Available records Block Start
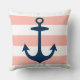 Nautical Navy Blue Anchor met Blush Stripes Kussen
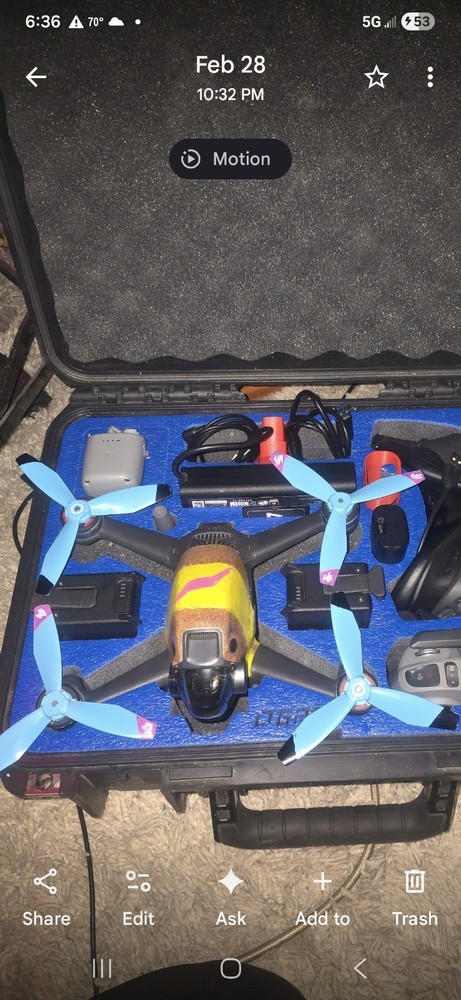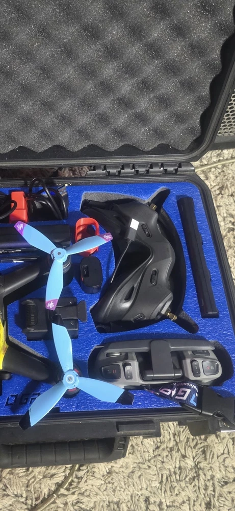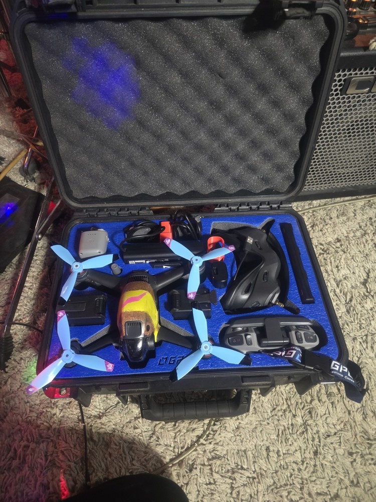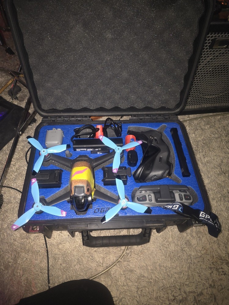 Dji fpv ready to fly. Obstucal avoidance, gps lock, return to home, ceiling hieght 1680 ft. Distance range, 3 to 10 km depending on line of sight, 3 batteries, battery wall charger, charging brick charges all 3 batteries simultaneously, also while charging goggle battery and remote controller. Charge everything at once. Has goggles, goggle cord to battery, controller with extra controller sticks,dji lanyard for controller, also has dji fpv motion controller included in package, goggle and camera lane cleaning brush, gimble protector, e tra set of props and water resistant hard shell case. Hardly flown. Like brand new Never crashed. Everything listed and shown in photos included. Learn how to fly fpv ( freestyle) accomplish loops, inverted flight, dives etc... very fun aircraft. 33mph normal mode, 61mph sport mode, fpv mode 87 mph. 4 k camera.
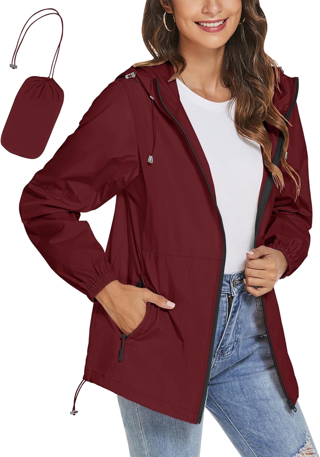 - ☔Versatile and Timeless: Lightweight rain jacket is rainproof, windproof, and sun-proof, this light raincoat is perfect for any outdoor activity, whether you’re hiking, camping, cycling, running, fishing, hikebound, travel, cruise or just taking a morning walk. It’s ideal for all seasons and will keep you dry and comfortable.
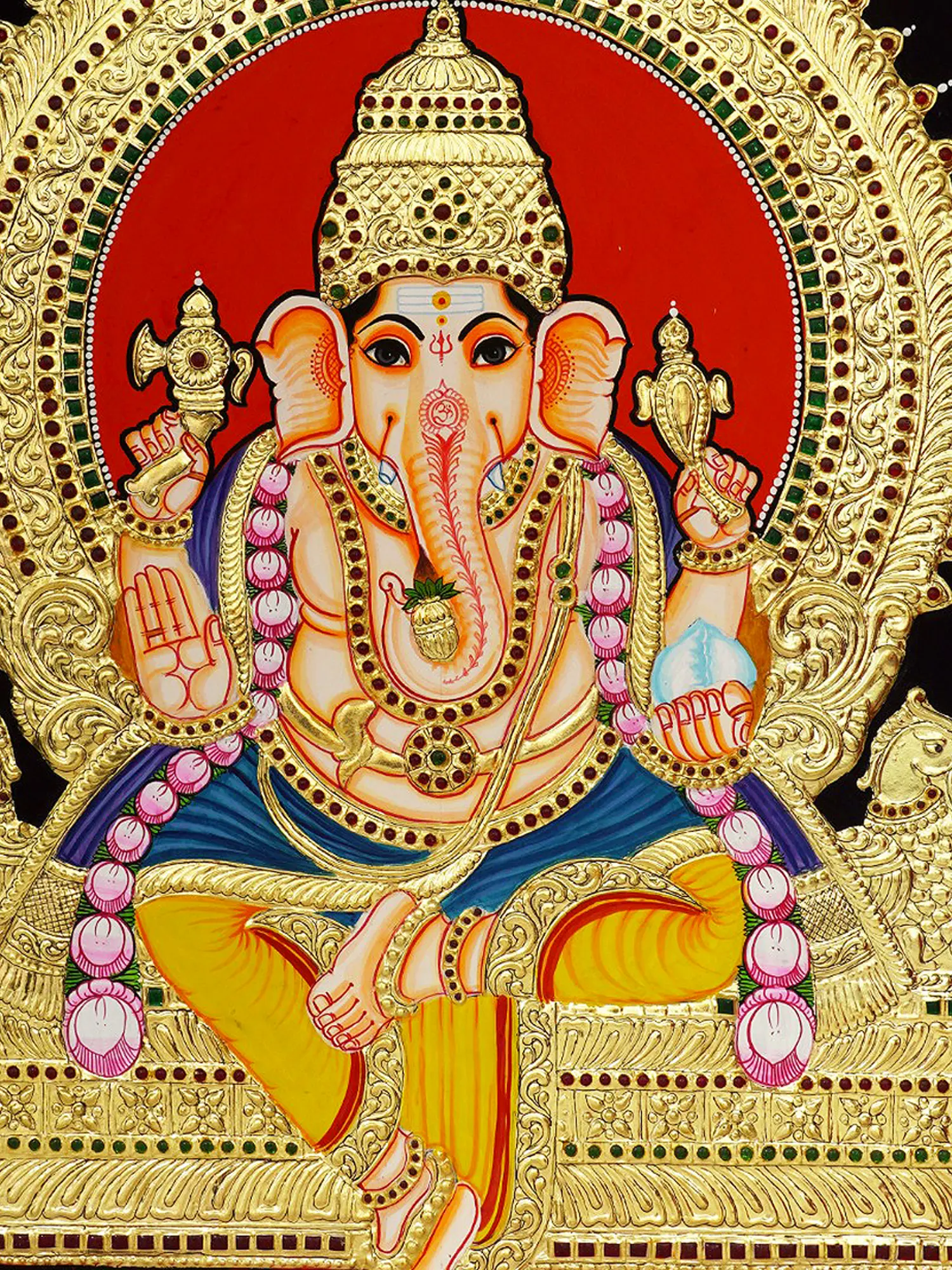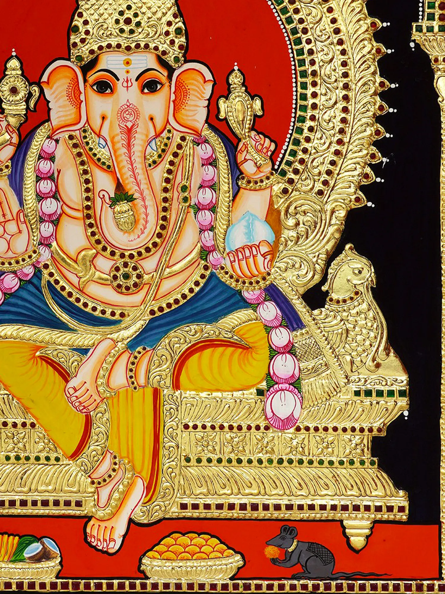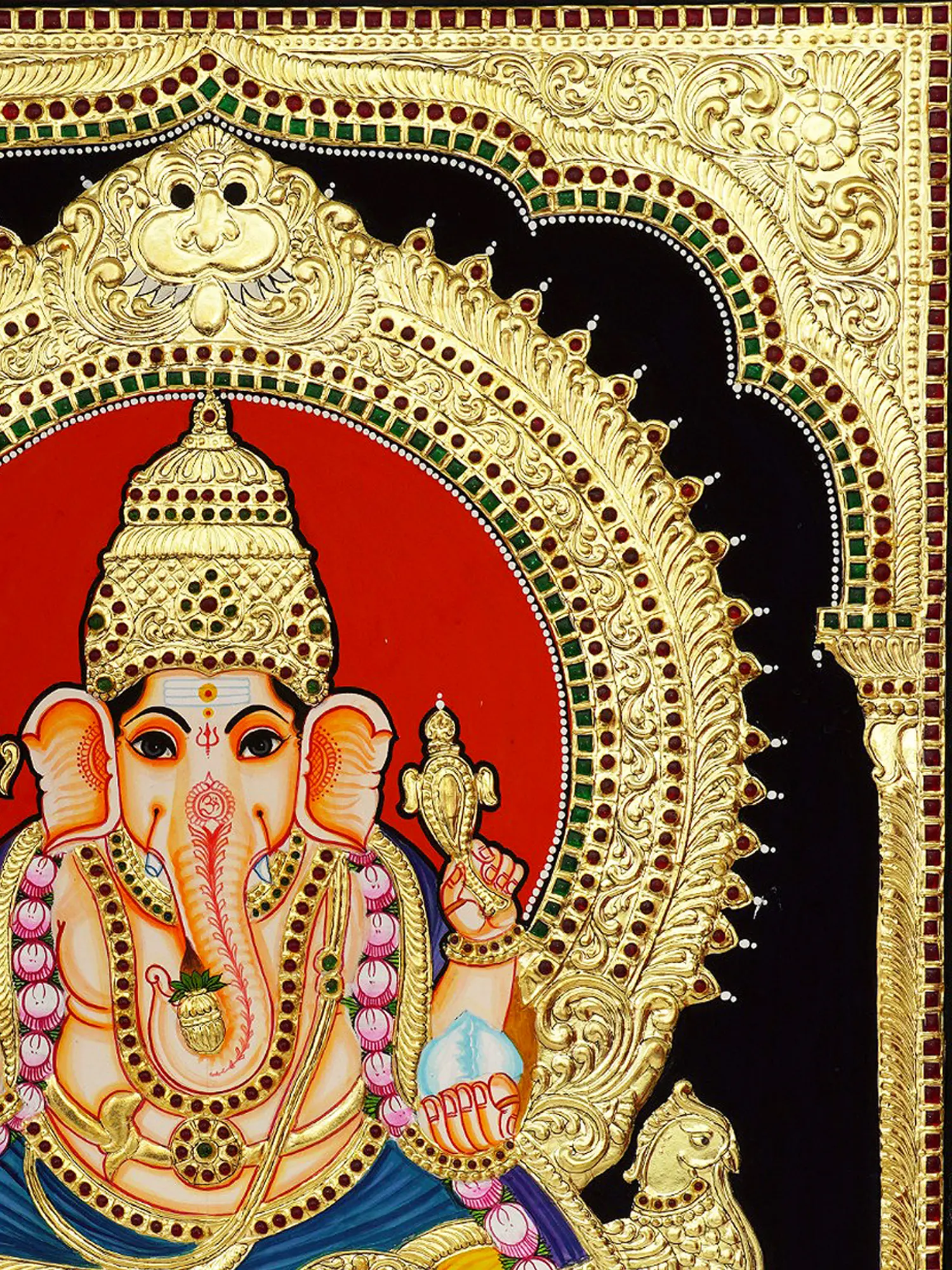 Tanjore paintings are deeply rooted in Hindu mythology, and this depiction of Ganesha draws upon his powerful symbolism as the deity of wisdom, intellect, and good fortune. He is revered as the patron of arts and sciences and is invoked at the beginning of rituals and ceremonies to ensure success. The artistic tradition itself dates back to the 16th century, flourishing under the patronage of the Chola kings, and continues to be a cherished expression of Indian cultural heritage.
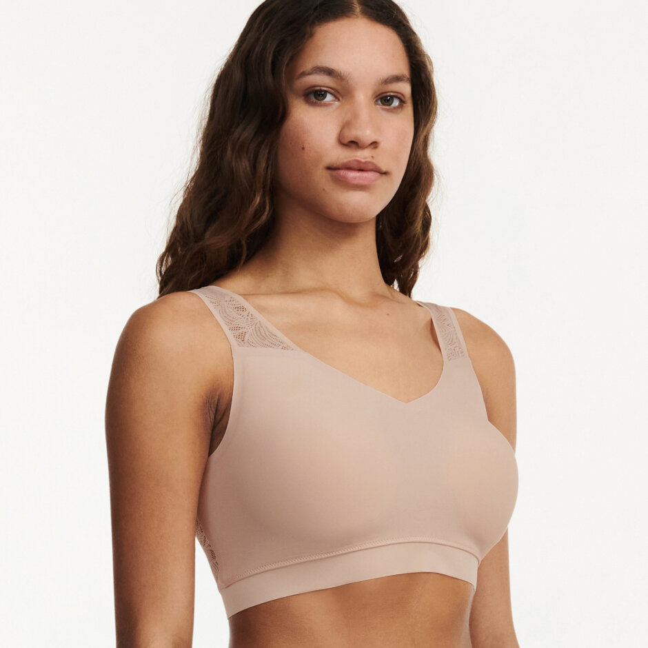 Oplev den nye Soft Stretch Vatteret Top Lace i farven, Golden Beige fra Chantelle. Vatteret Top Lace er en lounge-bh, der kombinerer elegance og komfort. Toppen er designet med tidløs blonde på stropperne og hele ryggen, som giver et mere feminint og moderne look. Lounge-bh'en er fremstillet i et 360° strækbart stof, som tilpasser sig perfekt til alle kropsformer, helt op til størrelse 90H. Toppens bløde tekstur og sømløse konstruktion sikrer en fantastisk komfort, mens de ikke-aftagelige puder giver optimal støtte hele dagen. Den perfekte lounge-bh, fås i flere farver.
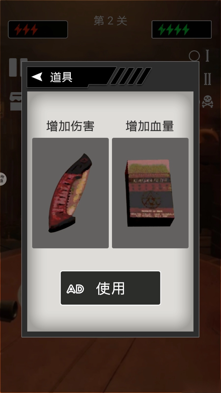 提供道具供玩家使用,玩家可在游戏中使用能提升伤害的道具,每次对决会损失两条生命。
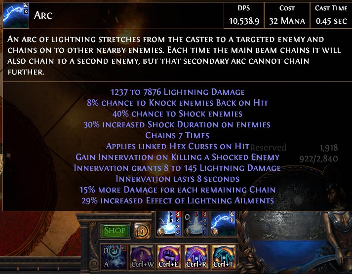 " Challenge accepted. This is the map I am about to run: ![]() This is my gear set up: ![]() She's rigged for Vaal Stormcall. Instead I'll be playing exclusively with the Vaal Arc I use to deliver Conductivity and gain Innervate - so a four link. The Gems are: - Vaal Arc - Hexttouch Support - Innervate Support - Conductivity Here are the gloves the skill gems are in: ![]() Here is the tooltip on my arc: ![]() No mirror gear, no influenced items. This equipment has not been considered "good" since Legacy league with the exception of the belt. __________________________________________ Now, if you gentlement will give me a few minutes, I am going to kill every single thing in this corrupt T-16 map with a 4-link. Last edited by Sabranic_SilverDeth#2793 on Aug 17, 2021, 9:33:59 PM
Available records Block End
Work request
Say again, word for word, the lines beginning at the top of the data and ending with the line that has "- ☔Versatile and". Skip the pictures.

Solution for this exercise
 Nautical Navy Blue Anchor met Blush Stripes Kussen
 Dji fpv ready to fly. Obstucal avoidance, gps lock, return to home, ceiling hieght 1680 ft. Distance range, 3 to 10 km depending on line of sight, 3 batteries, battery wall charger, charging brick charges all 3 batteries simultaneously, also while charging goggle battery and remote controller. Charge everything at once. Has goggles, goggle cord to battery, controller with extra controller sticks,dji lanyard for controller, also has dji fpv motion controller included in package, goggle and camera lane cleaning brush, gimble protector, e tra set of props and water resistant hard shell case. Hardly flown. Like brand new Never crashed. Everything listed and shown in photos included. Learn how to fly fpv ( freestyle) accomplish loops, inverted flight, dives etc... very fun aircraft. 33mph normal mode, 61mph sport mode, fpv mode 87 mph. 4 k camera.
 - ☔Versatile and Timeless: Lightweight rain jacket is rainproof, windproof, and sun-proof, this light raincoat is perfect for any outdoor activity, whether you’re hiking, camping, cycling, running, fishing, hikebound, travel, cruise or just taking a morning walk. It’s ideal for all seasons and will keep you dry and comfortable.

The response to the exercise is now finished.